Выбрать главу

Попыткой разрешить это противоречие были сверхпрезидентские конституции в России и других постсоветских странах. Они благословляли режим личной власти, сводя к минимуму возможности общества влиять на политический процесс, но в то же время создавали для личной власти президента определенную «правовую» основу и придавали ей «демократическую» форму.
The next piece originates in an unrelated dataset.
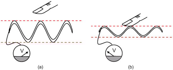 However, there is also room for improvement beyond the experiment demonstrated here. The effectiveness of the sensing scheme can benefit from flexible polymer materials with higher piezoelectric properties, which will generate a higher response to the external stimulus. Moreover, additional careful design considerations would be desirable. For instance, one can notice the consistent appearance of small bumps in the contact separation-versus-piezoelectric voltage curve in Figure 4, when the contact is initialized or breaks at close proximity to the membrane. Thus far, it is not clear why these small deviations from the expected linear sensor response occur. It might be due to the surface interaction between the contact glass and the polyimide insulating film, such as an adhesion effect; the issue of the rigidity of the sensing element as it is strongly pulled or pushed—especially when close physical contact is established—or simply insufficient clamping of both ends of the membrane. Fine and detailed optimization of the sensor parameters will certainly lead to the more reliable operation of the static tactile sensing scheme presented.

Запад вполне терпимо относился к такой разновидности демократии при условии, что экономическая и внешняя политика режима соответствовала его интересам. Когда президенты Казахстана и Узбекистана продлили свои полномочия путем референдума, официальные лица в Вашингтоне не сочли это особым нарушением гражданской свободы. Точно также преследования оппозиции в этих республиках и в Грузии оставались совершенно незамеченными в Западной Европе и США. Осудив бомбардировки в Чечне, западные дипломаты сделали все возможное, чтобы эти декларации не имели для России никаких практических последствий. Зато когда в Белоруссии президент Александр Лукашенко продлил свои полномочия таким же способом, как его коллеги в Средней Азии, на Западе поднялась буря негодования.

На самом деле в качестве президента Лукашенко был не лучше и не хуже других. По сравнению с лидерами Казахстана, Грузии или Узбекистана он даже мог бы выглядеть демократом. Но на свою беду он осмелился пойти против воли Международного валютного фонда, отвергнув его экономические рецепты и отказавшись приватизировать промышленность. Хуже того, он отказался и от геополитического партнерства с Западом, пытаясь возродить связи с бывшими «братскими республиками» СССР.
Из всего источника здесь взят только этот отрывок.